On a pu lire, dernièrement, qu'après une première conception taxino-
mique de la science, « dans la seconde conception, qui est celle de toutes
les sciences aujourd'hui arrivées à maturité, le travail de la science consiste
au contraire à construire, à partir d'un ensemble toujours limité
d'observations et d'expérimentations, des hypothèses, des modèles théoriques,
formulés de façon aussi explicite que possible, et destinés, à la fois à prévoir
de nouveaux faits, et à expliquer les anciens » (N. Ruwet, 1966, Langages,
n° 4, p. 3); comme un prolongement à ceci : « Or les théories, même les
plus exactes, ne deviennent probantes que si, quittant la sphère des
généralités philosophiques, elles s'attaquent à des faits concrets bien délimités,
faisant difficulté, et dont elles rendent raison mieux qu'il n'avait été
possible de la faire jusque-là sans elles. [...] C'est par une alliance en toute
proportion utile 4 de la réflexion abstraite profonde et de l'observation fine
du concret que la linguistique réussira [...] à s'élever de plusieurs degrés
dans la hiérarchie des sciences... » Ce qui renvoie à : « la description obéit
donc à deux principes simultanément présents et contradictoires : elle est
inductive dans son désir de rendre fidèlement compte de la réalité qu'elle
décrit; elle est deductive de par la nécessité de maintenir la cohérence du
modèle en construction et d'atteindre à la généralité, coextensive du
corpus soumis à la description » (A.-J. Greimas, Sémantique structurale,
1966, p. 68).
On ne peut indéfiniment prolonger cette sorte de répons. Les guillau-
miens pourront d'ailleurs le faire, non sans plaisir, dans la mesure même
où la lecture des pages d'où est extraite la première citation renvoie
constamment à l'œuvre de G. Guillaume, alors qu'elles sont une introduction à
celle de N. Chomsky. Significative, n'est-ce pas, cette ambivalence?
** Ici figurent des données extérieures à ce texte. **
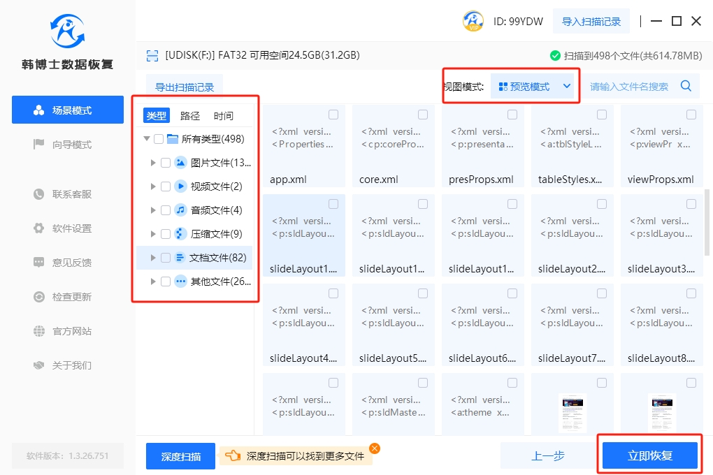 4. 掃描完成后,您可以通過“預覽模式”來確認文件是否正確,接下來選擇需要恢復的文件,選好后再點擊“立即恢復”。
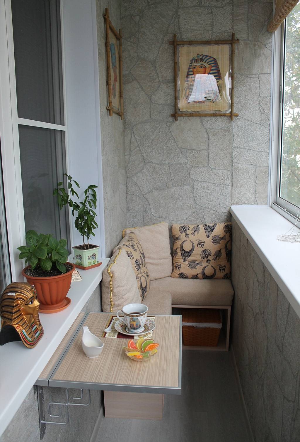 Конечно же, сюда подойдет раскладная. Она не займет много места, до воли практична и как раз для небольшой территории. Стол, стулья, пуфики — это все можно использовать на лоджии. Такие принадлежности могут быть, как встроенные так и выдвижные, в любой момент под рукой, удобно и комфортабельно.
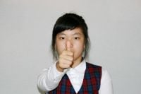 먼저 엄지손가락을 팔 길이만큼 눈앞에 들고 숨을 천천히 들이쉬면서 코 앞까지 당긴다.
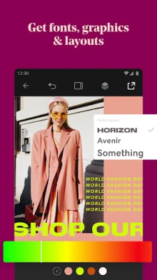 Save your brand kit (logo, colors and fonts) for seamless creation.
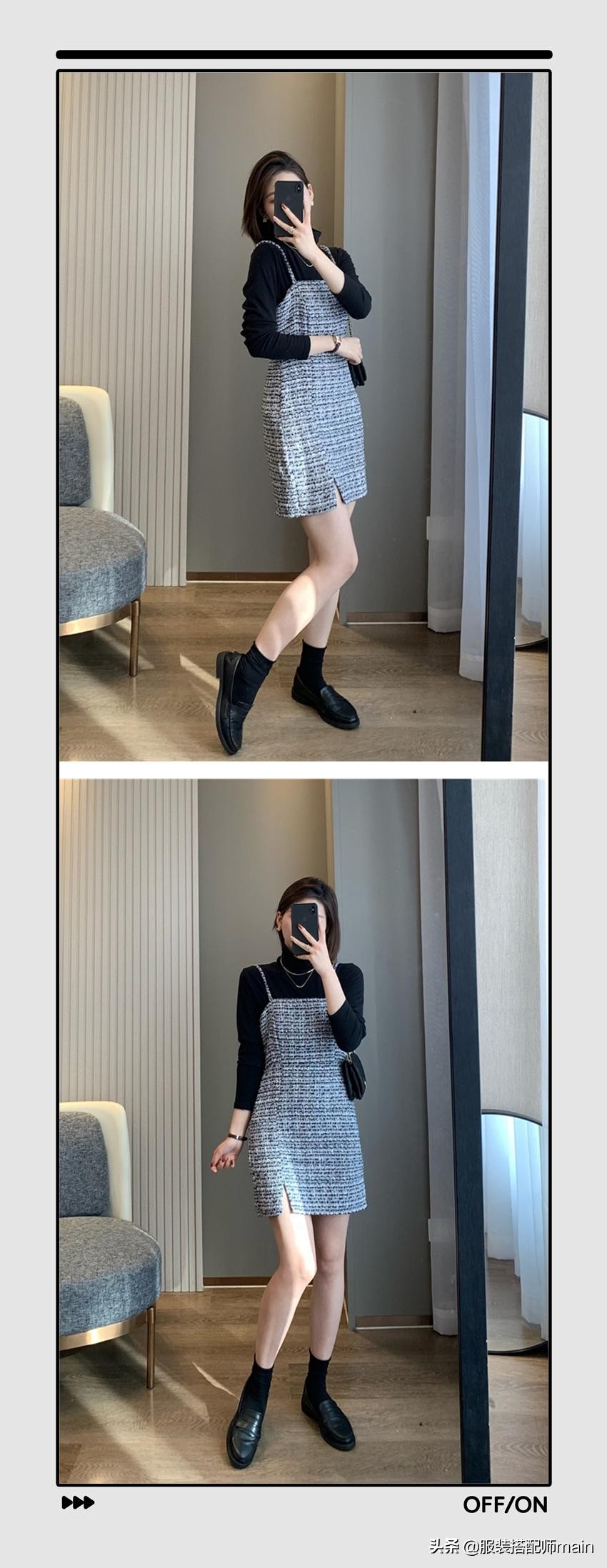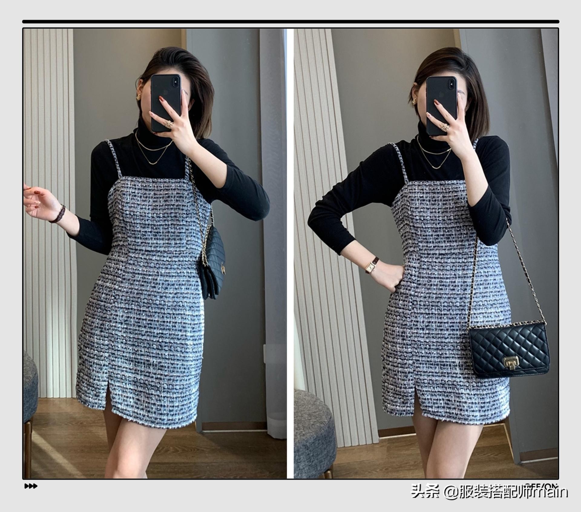 可是看到街上那麼多人穿吊帶裙加外套後,我就在吊帶裙裡面加件高領衫,這種穿法既保暖還能將吊帶裙完美展示出來。

2.2. Si G. Guillaume fut taxé d'apriorisme, c'est bien parce qu'il
privilégiait la déduction, soucieux avant tout de cohérence et rigueur théoriques,
rigueur et cohérence nées de la construction d'un modèle — comme le rappelle
très justement R. Valin dans sa Petite introduction... (Québec, 1954) : le
scheme bi-tensoriel ou « tenseur binaire radical ». Quand on se propose
d'inscrire chaque élément d'une structure linguistique dans une opération
mentale qui précède et conditionne l'emploi de chaque élément, quand on
précise que cette opération mentale qui va « du large à l'étroit et de l'étroit
au large » — un mouvement généralisant faisant suite à un mouvement
particularisant — est « l'assiette de tous les systèmes dont les langues ont
produit en elles une définition » (1951, pp. 197-198) et qu'on ajoute — si
cette opération est celle, par exemple, qui engendre les formes verbales —
que « pour être une opération mentale extrêmement brève, la formation
de l'image-temps dans l'esprit n'en demande pas moins un temps [le temps
opératif], très court sans doute, mais non pas infiniment court, et par
conséquent réel » (1929, p. 8), on s'est donné un ensemble de principes qui
contraignent à un pas à pas méthodique fort éloigné des imprécisions et
incertitudes des « généralités philosophiques ».
Ces principes furent si contraignants que G. Guillaume ne parvint pas à
montrer ce scheme sous « tous les systèmes » et que là où il l'a utilisé, on

4. « Cette proportion varie utilement entre deux extrêmes : celui où l'observation


du concret est presque tout et la réflexion abstraite presque rien et celui où l'observation
du concret n'est presque rien et la réflexion abstraite presque tout. Le va-et-vient d'un
extrême à l'autre est une méthode féconde d'investigation scientifique » (G. Guillaume,
1944, p. 145 — lire aussi la page 203, 1951).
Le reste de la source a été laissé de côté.